When it comes to other files, Porter does not even know what data he was looking at. A 4 GB HTML file called “My Activity” in the ADS folder may show it a large amount of information related to ad tracking data collected by Google, but there are no comments or metadata to explain this.
So far, these files are the most confusing and most important of all data downloads. They contain a lot of personal information that potential advertisers want, and Google should put more effort into explaining the meaning of this information. The company provided index HTML files to summarize user data, so why not include information about the contents of each file?
Despite the problems, Apple’s data release is better than Google’s. Most of the data provided by Apple is easy to read and understand, for example, CSV, TXT and JPG, with several JSON files. However, when you enter these files, there is still a lot of information that is difficult to understand.
For example, the file named “Apple ID Account Information” appears to contain 11 almost identical entries in the Apple Porter account that were created on the same date in 2014, but Apple did not explain that they were What. It seems that another ambiguous CSV-file "Application and Services Analytics" contains a complete list every time Porter searches the App Store, but there are too many empty cells in it only when he sees a 6.7 MB file. It has data.
Although it's terrible to hear all the Alexa queries, Amazon has done a much better job of presenting data, but this may be due to the fact that it has relatively little support for individuals. In most cases, the files and folders provided by Amazon have a clear label, although the company still has work to do to better tag its spreadsheet.

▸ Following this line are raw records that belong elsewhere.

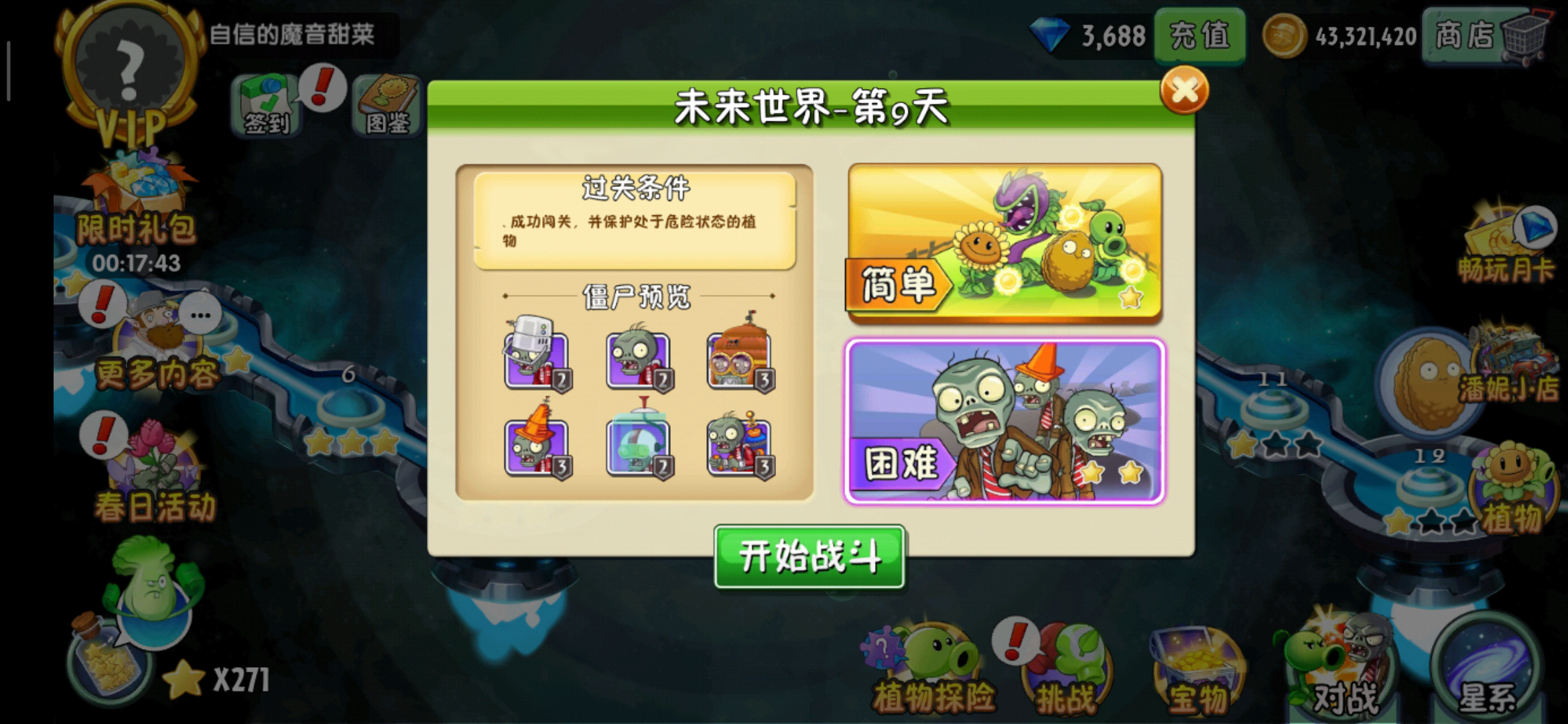 这一关需要我们保护的植物是星星果,谢兴国可以攻击五个方向的僵尸,可以攻击上方,下方,后方还有斜上方和斜下方的僵尸,不能攻击正前方的僵尸,而我们需要保护的星星果是在草地右侧第四的列位置,而且还是一整列。虽然他们的位置挺靠前但是,我们貌似,不用太过于担心他们的安危,一整排的性行果几乎可以攻击所有防卫的僵尸,而且是同一时间可以对一个僵尸进行多次攻击。简单模式我们不讲,主要来看一下困难模式。
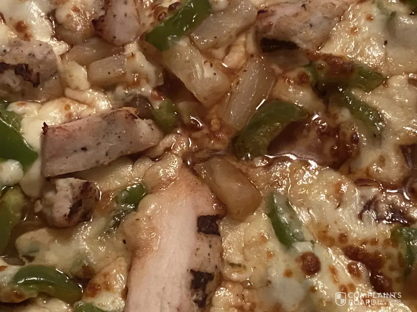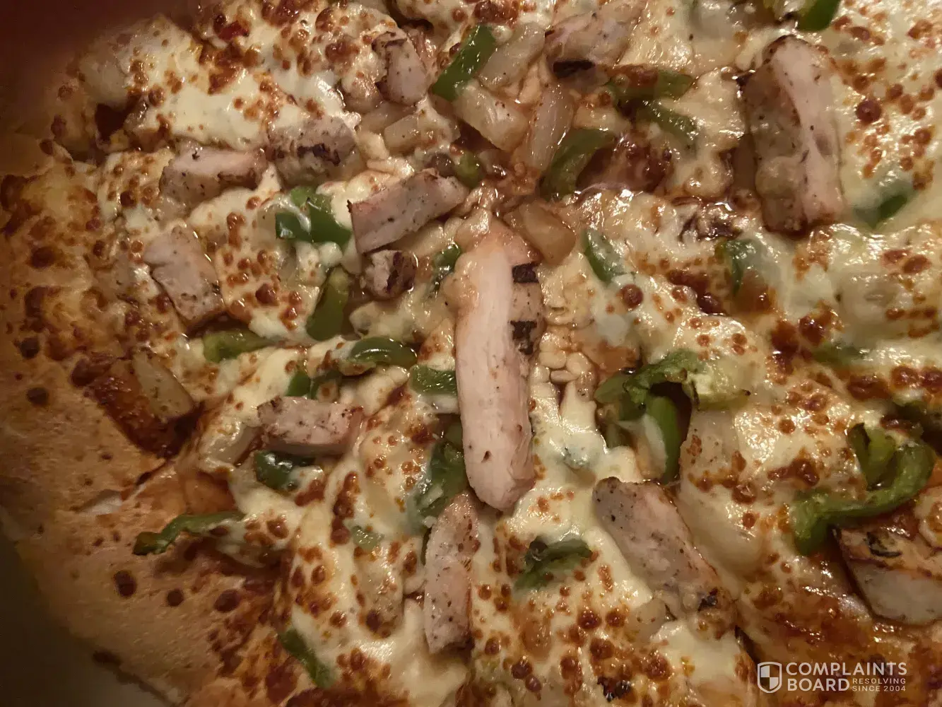 My pizza box seal was broken and there is a puddle of water on top of my pizza the water on top is not from condensation, the amount of water is just gross and when I tilt the box it moves and runs down the pizza its literally in the middle I took a screen shot of it if you need to see it the chicken is raw Pink the meat was not cooked the pizza was rushed out and not cooked thoroughly I ended up throwing away the pizza, we are in a pandemic and my box should not be tampered with .
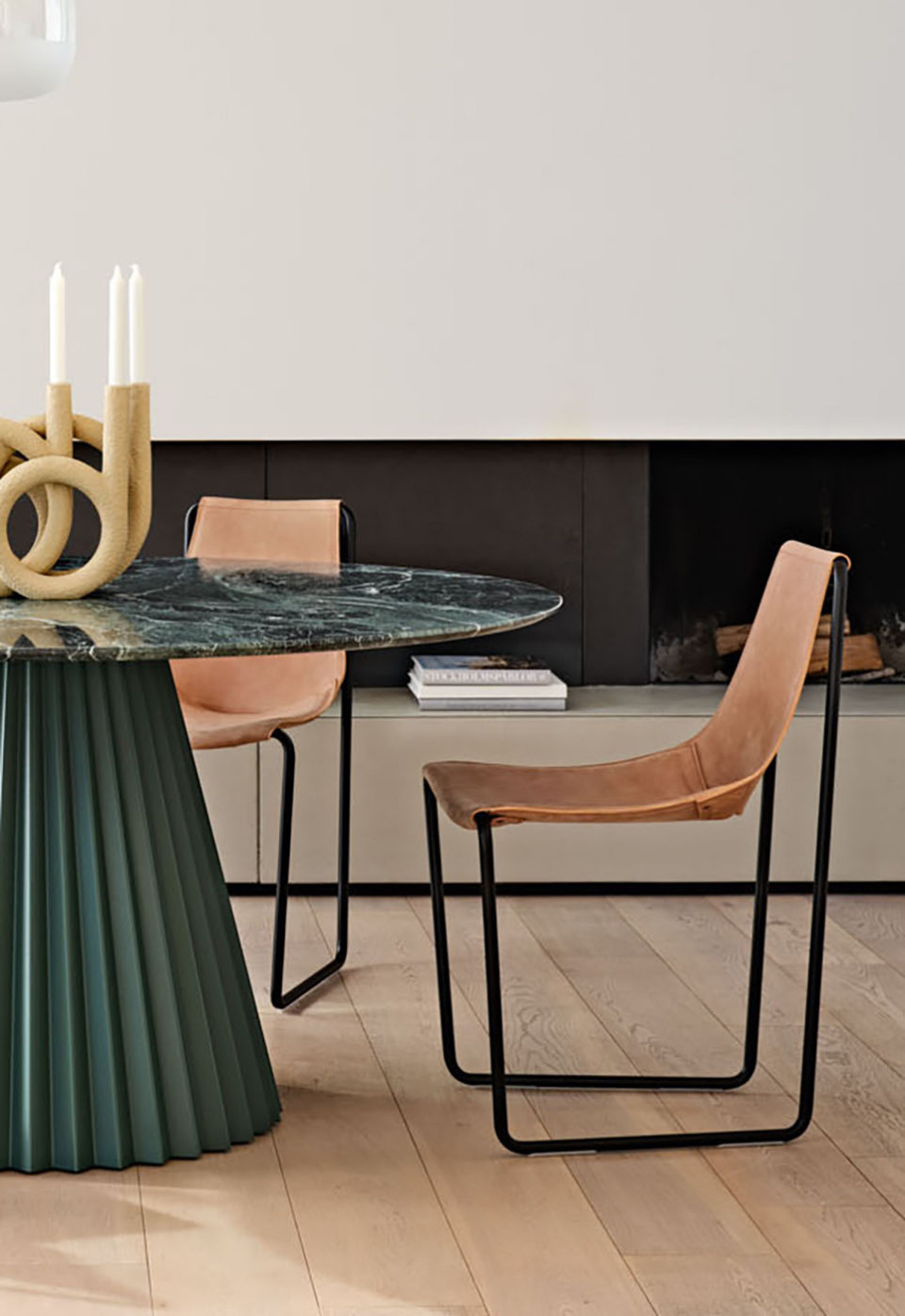 Apelle chair with sled base in lacquered steel. Seat and backrest in hide or tuscan hide.
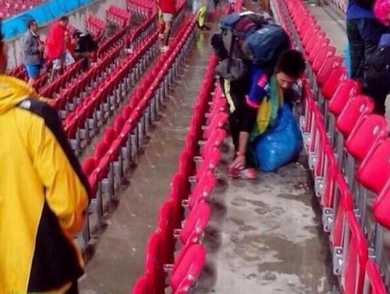 雨の中で試合後にゴミ拾いをする日本人 マナーある応援が好評(píng)
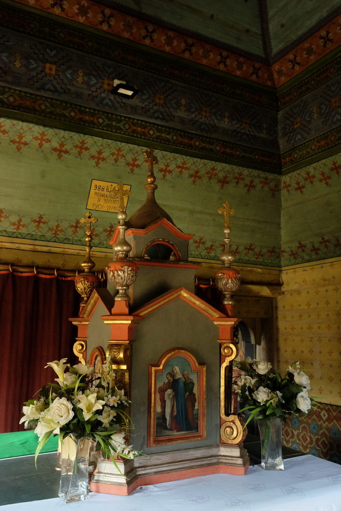 Znajduje się tu jedna z najpiękniejszych i najstarszych cerkwi na Łemkowszczyźnie. Tuż za cerkwią mieszka miła pani, która opiekuje się cerkwią i chętnie o niej opowiada. Odwiedzam więc Ją i nawet nie muszę prosić o otwarcie cerkwi gdyż sama mi to proponuje. Jestem tu już czwarty raz i za każdym byłem wewnątrz cerkwi. A jest tu w niej pięknie!
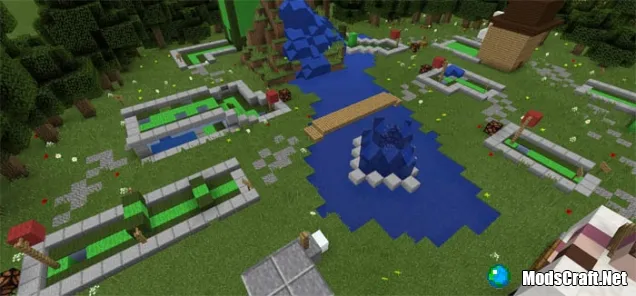 На карте есть 8 полей для мини-гольфа. Данная игра довольно проста. Просто попадите мячиком в лунку. если вы не попадете, то заберите мяч и попробуйте снова.

The irony is that Facebook actually has the most understandable data among the four services. First, each file provided by Facebook is an HTML file, and each document is sorted into a clearly marked folder, which provides the user with an overview of what is contained in each document. The files themselves have a clear layout and format, and viewing them is like viewing a page on Facebook, even if one of the pages is completely stored on the user's computer.
Facebook upload includes long index files that show users where to find all their information.
It's terrible to see the amount of personal data of users stored on Facebook, but at least you know exactly what the information is, and not guessing the content of each file.
At the end of the experiment, Porter found nearly 138 GB of data in the four services he contacted. These include 1.1 GB from Facebook, 392 MB from Amazon and 254 MB from Apple. Although Google has 72.5 GB of data for Potter downloads, most of them are backups of its Google Drive and Google Photos, which are 44.3 GB and 25.7 GB, respectively. The remaining data of Google Porter is only 2.5 GB.
After trying to understand and understand everything, it becomes clear that if these companies want us to really control their data, they still have a long way to go to manage their GDPR rules. Being able to upload data is one thing, but in order to make it useful, it means that you have to work harder to ensure that downloaded content will be easier for ordinary people to understand. At the very least, this means that these companies must provide a better index to tell users what data is included in which file, but it also means that they can organize the contents of these files in their own way.